If used by itself, it will print your current stack’s information. You can also use it to create a new stack, switch to a different stack, list all stacks or delete a stack.
pulumi stack ls
pulumi stack init [stack-name]
pulumi stack select [stack-name]
pulumi stack rm [stack-name]
pulumi stack help
Outputs
When creating resources, you can define outputs that will be available to other resources or the user. You can define outputs in the entry file by simply exporting them.
export const bucketName = bucket.bucket;
Everytime you run pulumi up
or pulumi preview
, the outputs will be printed to the console. They’re also visible in the Pulumi Cloud dashboard or
you can use pulumi stack
or pulumi stack output
command to view them.
Outputs are not only useful for easy access to the resource data but can also be used in other Pulumi programmes. You can use the StackReference
class to reference another stack’s output.
import * as pulumi from '@pulumi/pulumi';
const stack = new pulumi.StackReference('org/project/stack');
const stackOutput = stack.getOutput('property');
You can read more about stacks in the documentation’s stack section .
Pulumi v.
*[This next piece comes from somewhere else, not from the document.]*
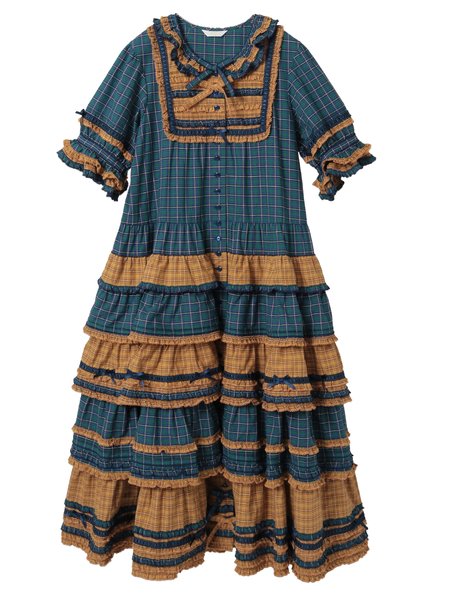 同じコードチェックをパーツやフリルごとに変えて配色使いにしたパッチワーク風のデザインがなんとも可愛らしい。
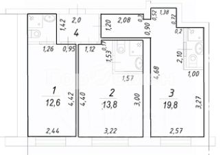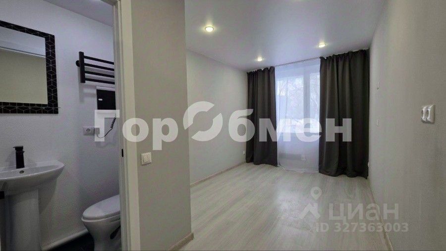 Высокий первый этаж 14-ти этажного дома. Студия 3 на схеме. Площадь 19,8 кв.м, санузел совмещенный, выводы под кухню, установлены счетчики воды и электроэнергии. Окна выходят во двор.

AWS CDK
Pulumi and AWS CDK are similar in that they both allow you to define cloud infrastructure using programming languages. However, there are some key differences between the two.
- Pulumi supports multiple cloud providers, while AWS CDK is specific to AWS – technically it can be integrated with other providers via the Constructs Library, but practically it’s not
- Pulumi uses the cloud provider’s SDK or Terraform to create and manage resources, while AWS CDK compiles the infrastructure code to CloudFormation templates
- Pulumi provides a fairly low-level API for provisioning resources which makes it more verbose as you have to define everything yourself whereas AWS CDK provides many batteries-included constructs that abstract away a lot of the boilerplate code and lowers the entry threshold for beginners
- CDK obviously benefits from being the official AWS tool which cannot be ignored. It would seem that the official tool would have a larger community, but I’m not so sure about it. Pulumi has almost double the stars on GitHub which of course doesn’t mean that the community is larger but at least it’s more appreciative of the tool and that could mean more engagement from the community. So even though, the community size is undecided it would seem that developer satisfaction is definitely on Pulumi’s side. Still, CDK probably has more resources available online, and it has a tight integration with the AWS ecosystem like the CDK Migrate Service for exporting the existing infrastructure to CDK code.
- AWS CDK requires you to have a significant understanding of CloudFormation because it inherits its strengths and weaknesses which often lead to hard-to-debug errors that cannot be solved by simply analyzing the CDK code itself
Conclusion
Pulumi offers a flexible and powerful approach to managing cloud infrastructure as code, supporting multi-cloud deployments with direct SDK usage. Its intuitive CLI and extensive language and provider support make it accessible to developers of all skill levels, while features like stack-specific configuration and outputs enhance project scalability and maintainability. Despite similarities to AWS CDK, Pulumi’s granular control and growing community solidify its position as a versatile solution for infrastructure automation in today’s cloud development landscape.
Personally, I find Pulumi to be a great tool and have not used CDK since. I find it more flexible and easier to use, especially when creating custom resources. Even though it is more verbose and a bit harder to use at first, I appreciate the control it gives me and it strengthens my AWS knowledge as I have to provision everything myself and cannot rely on the “magic” constructs to do all the heavy-lifting for me.